Dla Teatru Młodzieżowego nie jest to pierwsza współpraca z Andriejem Andriejewem – teatr od siedmiu lat odnosi wielkie sukcesy. mijają lata spektakl „Tartuffe” na podstawie sztuki Jeana Baptiste’a Moliera.

Reżyser: Czczony Artysta Republiki Karelii Andrey Andreev
Ruch sceniczny: Igor Kaczajew
Scenograf: Czczony Artysta Rosji, laureat Nagroda Państwowa Rosja Aleksander Orłow
Projektantka kostiumów: Irina Czerednikowa
Projektant oświetlenia: Denis Dyachenko
Aranżacja muzyczna: Andriej Pirog

Głównymi gwiazdami tego spektaklu są Kukhareshin i Untilova, ale inni artyści nie drobne role Zdjęcie ze strony internetowej Teatru Młodzieżowego na Fontance.
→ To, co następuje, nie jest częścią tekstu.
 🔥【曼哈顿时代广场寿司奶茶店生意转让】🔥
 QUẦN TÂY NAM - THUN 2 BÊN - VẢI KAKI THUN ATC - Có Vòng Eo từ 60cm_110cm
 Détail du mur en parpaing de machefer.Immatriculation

Zdjęcie: Julia Kudryashova

„Winni bez winy” w Teatrze Młodzieżowym na Fontance: Spektakl charytatywny dla wszystkich

W nowej inscenizacji sztuki Ostrowskiego nie ma małych ról ani małych aktorów

05.01.18 teatr

Produkcja sztuki Ostrowskiego „Winny bez winy” w Teatrze Młodzieżowym na Fontance została pomyślana jako prezent z okazji rocznicy aktorki Ekateriny Untilovej. Musiał nastąpić występ na korzyść. Tak to się skończyło. Nie tylko jeden – każdy aktor zaangażowany w nowy spektakl może śmiało uznać to za swój korzystny występ.
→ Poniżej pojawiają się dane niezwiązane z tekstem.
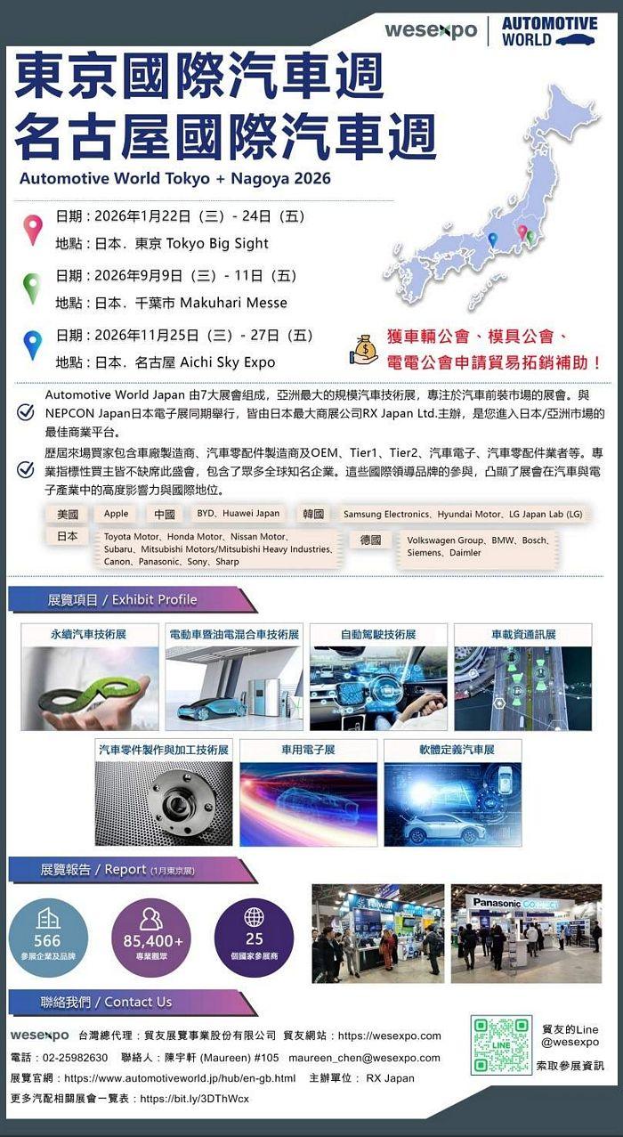 「鏈結汽車製造廠與 Tier 1+2 供應鏈」日本最大汽車產業盛會—Automotive World 系列展
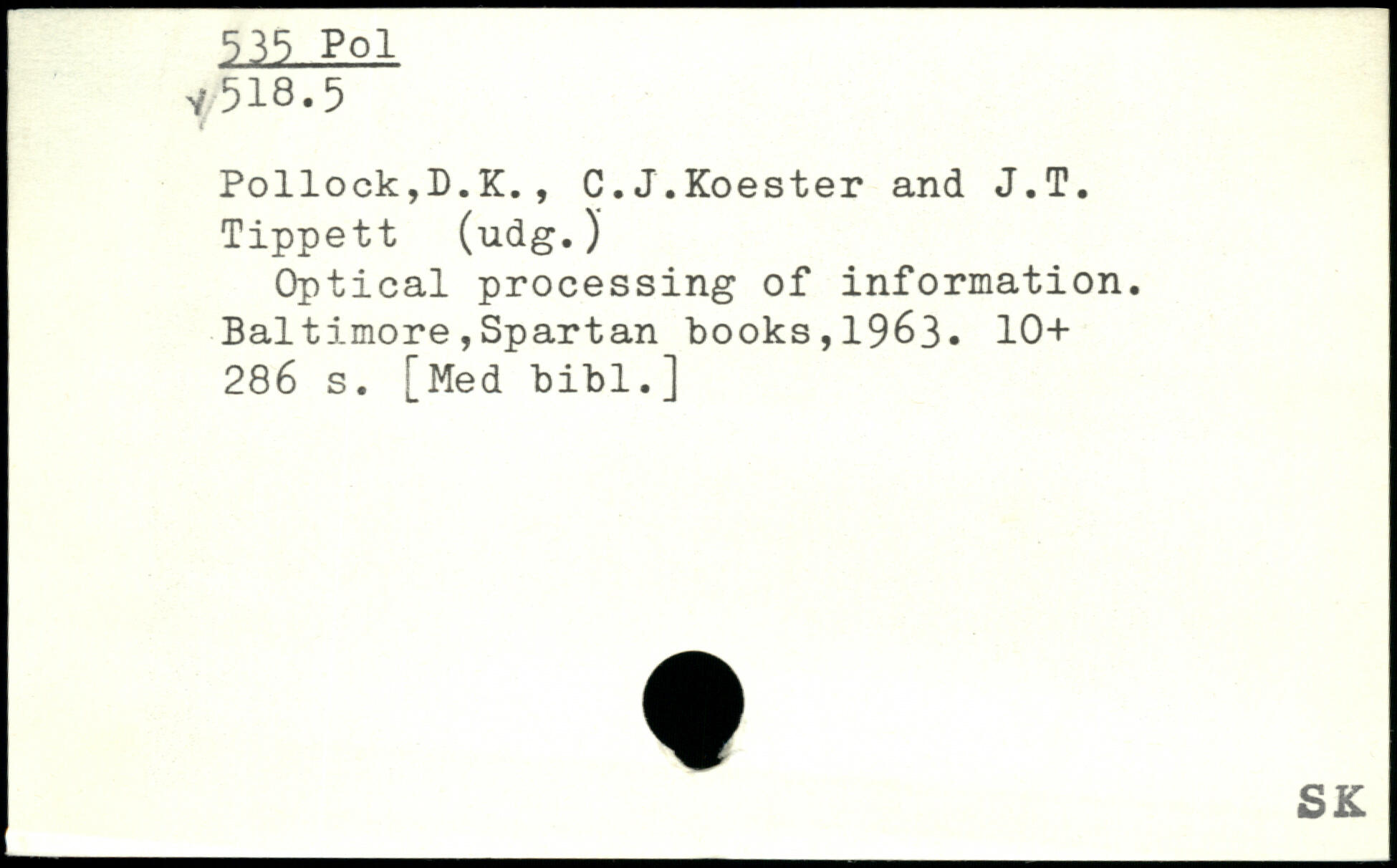 Pollock,D.K., C.J.Koester and J.T. Tippett (udg.) Optical processing of information.
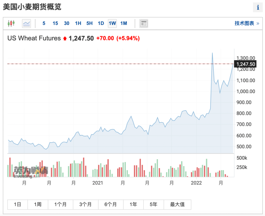 不僅是伊朗是這樣,現在全球各國的糧食幾乎都在瘋狂暴漲;週一美國的小麥期貨更是直接上漲了70美分!

Klasyka jako fabuła serialu

To jest ogólnie rzecz biorąc cecha wyróżniająca We wszystkich produkcjach Molodezhny nie ma małych ról ani małych aktorów. Każda, nawet epizodyczna postać ma swoją historię, swoje charakterystyczne, zapadające w pamięć cechy. Potencjalni beneficjenci mogą zatem rozważyć, czy chcą podzielić się chwałą. A to nie jest łatwe zadanie dla aktora – nie nakrywać się kocem, zwłaszcza jeśli spektakl został pomyślany jako występ benefisowy. W przypadku sztuki Ostrowskiego nic takiego się nie wydarzyło – „bohater okazji” hojnie podzielił się „kocem”, w wyniku czego powstał spektakl, w którym każdy aktor był premierem.
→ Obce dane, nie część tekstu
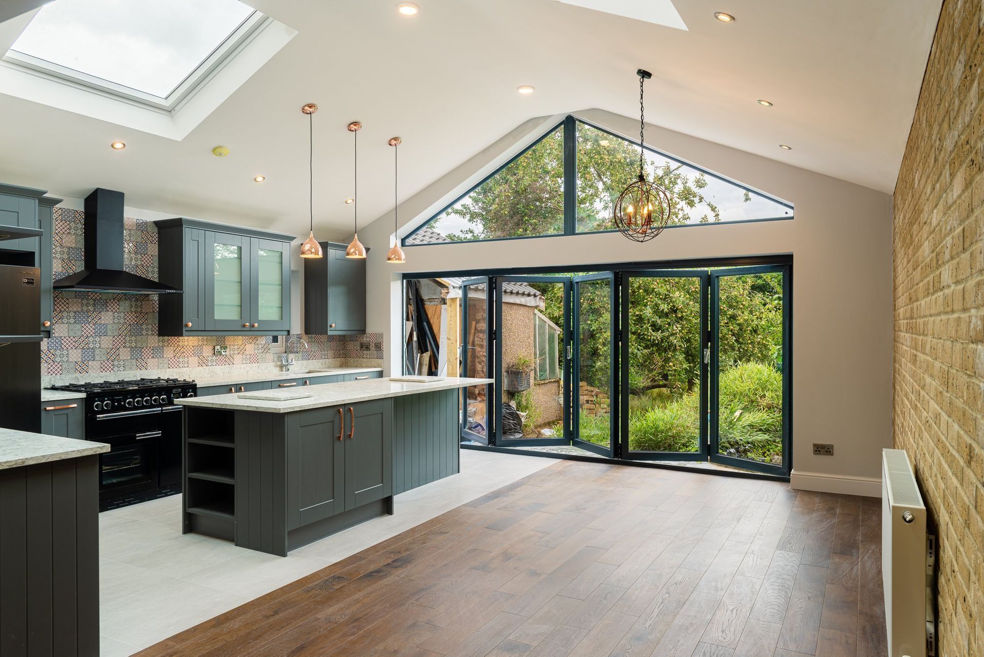 We reconfigured the property with structural wall removal, steel beams, and a modern rear/side extension featuring skylights, a roof lantern and bi-fold doors.
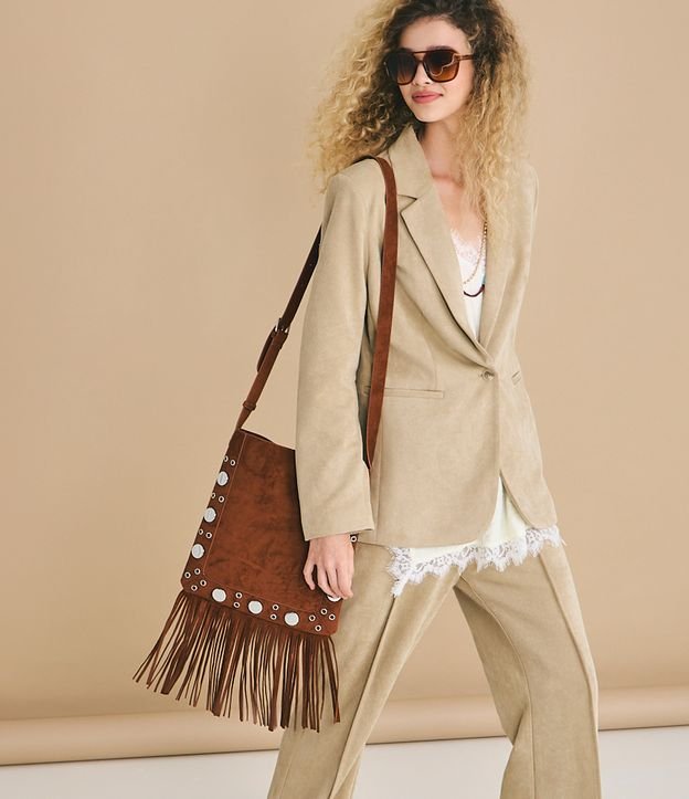 Bolsa Transversal Média em Suede com Franjas e Tachas

Znów musimy pamiętać o dramatopisarzu - sztuki Ostrowskiego są dobre i dlatego prawdopodobnie są tak poszukiwane w każdej epoce, ponieważ każdy artysta ma w nich coś do zagrania. I bawić się blaskiem i smakiem. Ktoś oczywiście może powiedzieć: stary. Gdzie jest temat dnia, gdzie jest znaczenie? Jak się okazuje po bliższym przyjrzeniu się, wszystko jest na swoim miejscu. Na szczęście nie ma tu polityki, ale jeśli chodzi o „temat dnia” – bardzo.

Weźmy na przykład sztukę „Winny bez winy” - to tylko fabuła seryjna. Podstępny kochanek, który swoje uczucia zamienia na korzystne małżeństwo, zagubione w niemowlęctwie dziecko, nieszczęśliwa matka, która niespodziewanie zdobywa bogactwo, sukces i ostatecznie siedemnaście lat później odnajduje syna. Historia na zawsze - możesz zamienić ją w serial meksykański, indyjski lub rosyjski. No cóż, to wszystko, co robią, po prostu akcja zostaje przeniesiona do naszych czasów. Rezultatem jest wieloodcinkowy serial telewizyjny przeznaczony dla niepozornego widza. Dlatego w jakiś sposób to filmują i grają w ten sam sposób. Bo zainteresowania twórców takich seriali są dalekie od twórczych, ale czysto materialne. Cóż, niech „rzeźbią” - pieniądze, jak kiedyś powiedziała Ranevskaya, się skończą, ale wstyd pozostanie.

Jeśli chodzi o teatr, sytuacja jest zupełnie inna.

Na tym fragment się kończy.